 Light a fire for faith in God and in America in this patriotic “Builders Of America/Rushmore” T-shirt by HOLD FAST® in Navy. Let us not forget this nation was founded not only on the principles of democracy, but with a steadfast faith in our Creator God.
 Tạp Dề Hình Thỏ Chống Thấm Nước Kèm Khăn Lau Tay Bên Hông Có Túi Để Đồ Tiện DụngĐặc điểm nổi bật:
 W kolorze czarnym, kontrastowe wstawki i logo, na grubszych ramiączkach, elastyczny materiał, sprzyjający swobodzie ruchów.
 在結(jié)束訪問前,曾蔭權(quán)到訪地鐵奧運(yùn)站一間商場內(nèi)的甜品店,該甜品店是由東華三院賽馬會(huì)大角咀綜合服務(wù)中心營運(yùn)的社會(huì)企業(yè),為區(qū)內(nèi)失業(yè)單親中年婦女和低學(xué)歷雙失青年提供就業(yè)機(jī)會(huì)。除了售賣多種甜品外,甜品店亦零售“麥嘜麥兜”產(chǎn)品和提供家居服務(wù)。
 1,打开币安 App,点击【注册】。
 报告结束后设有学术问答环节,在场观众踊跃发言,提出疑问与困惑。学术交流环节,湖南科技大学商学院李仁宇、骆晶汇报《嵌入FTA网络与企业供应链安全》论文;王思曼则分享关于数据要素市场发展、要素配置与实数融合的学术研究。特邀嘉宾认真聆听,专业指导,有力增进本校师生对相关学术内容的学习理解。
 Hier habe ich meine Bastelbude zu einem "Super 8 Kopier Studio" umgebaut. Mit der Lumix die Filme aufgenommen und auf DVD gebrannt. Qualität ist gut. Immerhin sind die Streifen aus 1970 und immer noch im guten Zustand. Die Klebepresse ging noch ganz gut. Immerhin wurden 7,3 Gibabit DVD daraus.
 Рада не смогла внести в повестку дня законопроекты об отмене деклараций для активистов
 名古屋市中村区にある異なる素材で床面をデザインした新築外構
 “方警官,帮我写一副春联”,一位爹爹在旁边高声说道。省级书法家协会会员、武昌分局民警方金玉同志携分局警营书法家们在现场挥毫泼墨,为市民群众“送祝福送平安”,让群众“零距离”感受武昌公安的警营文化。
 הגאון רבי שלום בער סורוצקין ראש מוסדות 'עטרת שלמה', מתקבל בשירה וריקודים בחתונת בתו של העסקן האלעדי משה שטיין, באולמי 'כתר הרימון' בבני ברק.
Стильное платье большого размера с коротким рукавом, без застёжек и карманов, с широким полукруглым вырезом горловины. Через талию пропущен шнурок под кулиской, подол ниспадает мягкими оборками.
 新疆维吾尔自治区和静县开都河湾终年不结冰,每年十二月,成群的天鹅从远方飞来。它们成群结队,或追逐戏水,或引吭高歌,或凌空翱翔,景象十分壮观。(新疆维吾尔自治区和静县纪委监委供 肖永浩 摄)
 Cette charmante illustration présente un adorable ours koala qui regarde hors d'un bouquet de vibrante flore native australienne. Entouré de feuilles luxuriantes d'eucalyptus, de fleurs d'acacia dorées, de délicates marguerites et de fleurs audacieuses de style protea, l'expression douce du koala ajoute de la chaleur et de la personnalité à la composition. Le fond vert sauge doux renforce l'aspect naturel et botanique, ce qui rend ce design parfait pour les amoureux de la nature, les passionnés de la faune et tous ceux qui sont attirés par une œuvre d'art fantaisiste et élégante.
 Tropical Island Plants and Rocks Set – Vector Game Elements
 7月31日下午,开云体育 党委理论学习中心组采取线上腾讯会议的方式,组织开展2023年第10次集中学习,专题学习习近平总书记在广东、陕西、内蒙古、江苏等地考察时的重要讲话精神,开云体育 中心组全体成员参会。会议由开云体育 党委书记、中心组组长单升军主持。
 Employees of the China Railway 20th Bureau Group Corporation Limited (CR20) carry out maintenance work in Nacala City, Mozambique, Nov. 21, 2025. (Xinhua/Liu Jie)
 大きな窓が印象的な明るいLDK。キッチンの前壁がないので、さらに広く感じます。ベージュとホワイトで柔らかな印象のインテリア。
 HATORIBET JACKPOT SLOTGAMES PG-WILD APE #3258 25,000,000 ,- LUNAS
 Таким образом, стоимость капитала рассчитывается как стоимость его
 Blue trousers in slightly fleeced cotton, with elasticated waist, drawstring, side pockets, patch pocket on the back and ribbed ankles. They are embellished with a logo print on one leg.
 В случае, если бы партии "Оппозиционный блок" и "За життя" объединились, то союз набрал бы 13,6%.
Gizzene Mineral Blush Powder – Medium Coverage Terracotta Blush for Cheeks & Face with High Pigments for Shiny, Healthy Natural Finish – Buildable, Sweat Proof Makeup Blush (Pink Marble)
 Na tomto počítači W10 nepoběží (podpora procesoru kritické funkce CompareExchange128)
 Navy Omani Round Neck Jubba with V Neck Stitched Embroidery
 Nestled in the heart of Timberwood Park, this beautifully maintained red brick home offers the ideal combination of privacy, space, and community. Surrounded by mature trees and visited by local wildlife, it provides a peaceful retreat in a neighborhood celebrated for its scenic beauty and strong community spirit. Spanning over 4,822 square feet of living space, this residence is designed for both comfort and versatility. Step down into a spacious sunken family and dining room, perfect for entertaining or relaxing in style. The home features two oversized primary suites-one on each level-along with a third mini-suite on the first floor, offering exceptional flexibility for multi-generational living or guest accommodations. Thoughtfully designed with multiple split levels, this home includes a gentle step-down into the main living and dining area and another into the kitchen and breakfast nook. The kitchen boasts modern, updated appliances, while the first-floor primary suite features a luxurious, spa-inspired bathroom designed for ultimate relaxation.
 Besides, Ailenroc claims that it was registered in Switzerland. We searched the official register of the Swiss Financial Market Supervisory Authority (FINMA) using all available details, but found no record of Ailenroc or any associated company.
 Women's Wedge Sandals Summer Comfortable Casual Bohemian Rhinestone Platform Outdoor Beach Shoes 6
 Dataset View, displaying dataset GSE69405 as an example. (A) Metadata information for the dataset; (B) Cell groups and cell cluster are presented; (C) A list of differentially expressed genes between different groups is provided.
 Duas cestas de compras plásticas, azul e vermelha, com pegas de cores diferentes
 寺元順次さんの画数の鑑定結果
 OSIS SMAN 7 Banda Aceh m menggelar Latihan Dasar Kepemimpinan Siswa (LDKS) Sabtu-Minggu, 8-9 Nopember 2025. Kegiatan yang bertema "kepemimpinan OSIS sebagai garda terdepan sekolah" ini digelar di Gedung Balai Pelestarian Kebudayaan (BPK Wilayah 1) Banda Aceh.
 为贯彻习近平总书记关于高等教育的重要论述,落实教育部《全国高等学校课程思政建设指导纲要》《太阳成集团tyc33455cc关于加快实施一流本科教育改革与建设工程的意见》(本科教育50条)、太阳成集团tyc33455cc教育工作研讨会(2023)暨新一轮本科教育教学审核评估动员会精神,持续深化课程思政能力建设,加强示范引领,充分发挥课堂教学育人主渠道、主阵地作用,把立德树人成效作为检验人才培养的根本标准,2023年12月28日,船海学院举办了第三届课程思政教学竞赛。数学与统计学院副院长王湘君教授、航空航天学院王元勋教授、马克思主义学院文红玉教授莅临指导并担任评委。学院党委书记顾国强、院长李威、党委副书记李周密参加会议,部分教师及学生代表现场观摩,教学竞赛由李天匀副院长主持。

**EXERCISE DESCRIPTION:** Restating the data word for word is the whole task.

**SOLUTION FOR THIS PROBLEM:**
 Light a fire for faith in God and in America in this patriotic “Builders Of America/Rushmore” T-shirt by HOLD FAST® in Navy. Let us not forget this nation was founded not only on the principles of democracy, but with a steadfast faith in our Creator God.
 Tạp Dề Hình Thỏ Chống Thấm Nước Kèm Khăn Lau Tay Bên Hông Có Túi Để Đồ Tiện DụngĐặc điểm nổi bật:
 W kolorze czarnym, kontrastowe wstawki i logo, na grubszych ramiączkach, elastyczny materiał, sprzyjający swobodzie ruchów.
 在結(jié)束訪問前,曾蔭權(quán)到訪地鐵奧運(yùn)站一間商場內(nèi)的甜品店,該甜品店是由東華三院賽馬會(huì)大角咀綜合服務(wù)中心營運(yùn)的社會(huì)企業(yè),為區(qū)內(nèi)失業(yè)單親中年婦女和低學(xué)歷雙失青年提供就業(yè)機(jī)會(huì)。除了售賣多種甜品外,甜品店亦零售“麥嘜麥兜”產(chǎn)品和提供家居服務(wù)。
 1,打开币安 App,点击【注册】。
 报告结束后设有学术问答环节,在场观众踊跃发言,提出疑问与困惑。学术交流环节,湖南科技大学商学院李仁宇、骆晶汇报《嵌入FTA网络与企业供应链安全》论文;王思曼则分享关于数据要素市场发展、要素配置与实数融合的学术研究。特邀嘉宾认真聆听,专业指导,有力增进本校师生对相关学术内容的学习理解。
 Hier habe ich meine Bastelbude zu einem "Super 8 Kopier Studio" umgebaut. Mit der Lumix die Filme aufgenommen und auf DVD gebrannt. Qualität ist gut. Immerhin sind die Streifen aus 1970 und immer noch im guten Zustand. Die Klebepresse ging noch ganz gut. Immerhin wurden 7,3 Gibabit DVD daraus.
 Рада не смогла внести в повестку дня законопроекты об отмене деклараций для активистов
 名古屋市中村区にある異なる素材で床面をデザインした新築外構
 “方警官,帮我写一副春联”,一位爹爹在旁边高声说道。省级书法家协会会员、武昌分局民警方金玉同志携分局警营书法家们在现场挥毫泼墨,为市民群众“送祝福送平安”,让群众“零距离”感受武昌公安的警营文化。
 הגאון רבי שלום בער סורוצקין ראש מוסדות 'עטרת שלמה', מתקבל בשירה וריקודים בחתונת בתו של העסקן האלעדי משה שטיין, באולמי 'כתר הרימון' בבני ברק.
Стильное платье большого размера с коротким рукавом, без застёжек и карманов, с широким полукруглым вырезом горловины. Через талию пропущен шнурок под кулиской, подол ниспадает мягкими оборками.
 新疆维吾尔自治区和静县开都河湾终年不结冰,每年十二月,成群的天鹅从远方飞来。它们成群结队,或追逐戏水,或引吭高歌,或凌空翱翔,景象十分壮观。(新疆维吾尔自治区和静县纪委监委供 肖永浩 摄)
 Cette charmante illustration présente un adorable ours koala qui regarde hors d'un bouquet de vibrante flore native australienne. Entouré de feuilles luxuriantes d'eucalyptus, de fleurs d'acacia dorées, de délicates marguerites et de fleurs audacieuses de style protea, l'expression douce du koala ajoute de la chaleur et de la personnalité à la composition. Le fond vert sauge doux renforce l'aspect naturel et botanique, ce qui rend ce design parfait pour les amoureux de la nature, les passionnés de la faune et tous ceux qui sont attirés par une œuvre d'art fantaisiste et élégante.
 Tropical Island Plants and Rocks Set – Vector Game Elements
 7月31日下午,开云体育 党委理论学习中心组采取线上腾讯会议的方式,组织开展2023年第10次集中学习,专题学习习近平总书记在广东、陕西、内蒙古、江苏等地考察时的重要讲话精神,开云体育 中心组全体成员参会。会议由开云体育 党委书记、中心组组长单升军主持。
 Employees of the China Railway 20th Bureau Group Corporation Limited (CR20) carry out maintenance work in Nacala City, Mozambique, Nov. 21, 2025. (Xinhua/Liu Jie)
 大きな窓が印象的な明るいLDK。キッチンの前壁がないので、さらに広く感じます。ベージュとホワイトで柔らかな印象のインテリア。
 HATORIBET JACKPOT SLOTGAMES PG-WILD APE #3258 25,000,000 ,- LUNAS
 Таким образом, стоимость капитала рассчитывается как стоимость его
 Blue trousers in slightly fleeced cotton, with elasticated waist, drawstring, side pockets, patch pocket on the back and ribbed ankles. They are embellished with a logo print on one leg.
 В случае, если бы партии "Оппозиционный блок" и "За життя" объединились, то союз набрал бы 13,6%.
Gizzene Mineral Blush Powder – Medium Coverage Terracotta Blush for Cheeks & Face with High Pigments for Shiny, Healthy Natural Finish – Buildable, Sweat Proof Makeup Blush (Pink Marble)
 Na tomto počítači W10 nepoběží (podpora procesoru kritické funkce CompareExchange128)
 Navy Omani Round Neck Jubba with V Neck Stitched Embroidery
 Nestled in the heart of Timberwood Park, this beautifully maintained red brick home offers the ideal combination of privacy, space, and community. Surrounded by mature trees and visited by local wildlife, it provides a peaceful retreat in a neighborhood celebrated for its scenic beauty and strong community spirit. Spanning over 4,822 square feet of living space, this residence is designed for both comfort and versatility. Step down into a spacious sunken family and dining room, perfect for entertaining or relaxing in style. The home features two oversized primary suites-one on each level-along with a third mini-suite on the first floor, offering exceptional flexibility for multi-generational living or guest accommodations. Thoughtfully designed with multiple split levels, this home includes a gentle step-down into the main living and dining area and another into the kitchen and breakfast nook. The kitchen boasts modern, updated appliances, while the first-floor primary suite features a luxurious, spa-inspired bathroom designed for ultimate relaxation.
 Besides, Ailenroc claims that it was registered in Switzerland. We searched the official register of the Swiss Financial Market Supervisory Authority (FINMA) using all available details, but found no record of Ailenroc or any associated company.
 Women's Wedge Sandals Summer Comfortable Casual Bohemian Rhinestone Platform Outdoor Beach Shoes 6
 Dataset View, displaying dataset GSE69405 as an example. (A) Metadata information for the dataset; (B) Cell groups and cell cluster are presented; (C) A list of differentially expressed genes between different groups is provided.
 Duas cestas de compras plásticas, azul e vermelha, com pegas de cores diferentes
 寺元順次さんの画数の鑑定結果
 OSIS SMAN 7 Banda Aceh m menggelar Latihan Dasar Kepemimpinan Siswa (LDKS) Sabtu-Minggu, 8-9 Nopember 2025. Kegiatan yang bertema "kepemimpinan OSIS sebagai garda terdepan sekolah" ini digelar di Gedung Balai Pelestarian Kebudayaan (BPK Wilayah 1) Banda Aceh.
 为贯彻习近平总书记关于高等教育的重要论述,落实教育部《全国高等学校课程思政建设指导纲要》《太阳成集团tyc33455cc关于加快实施一流本科教育改革与建设工程的意见》(本科教育50条)、太阳成集团tyc33455cc教育工作研讨会(2023)暨新一轮本科教育教学审核评估动员会精神,持续深化课程思政能力建设,加强示范引领,充分发挥课堂教学育人主渠道、主阵地作用,把立德树人成效作为检验人才培养的根本标准,2023年12月28日,船海学院举办了第三届课程思政教学竞赛。数学与统计学院副院长王湘君教授、航空航天学院王元勋教授、马克思主义学院文红玉教授莅临指导并担任评委。学院党委书记顾国强、院长李威、党委副书记李周密参加会议,部分教师及学生代表现场观摩,教学竞赛由李天匀副院长主持。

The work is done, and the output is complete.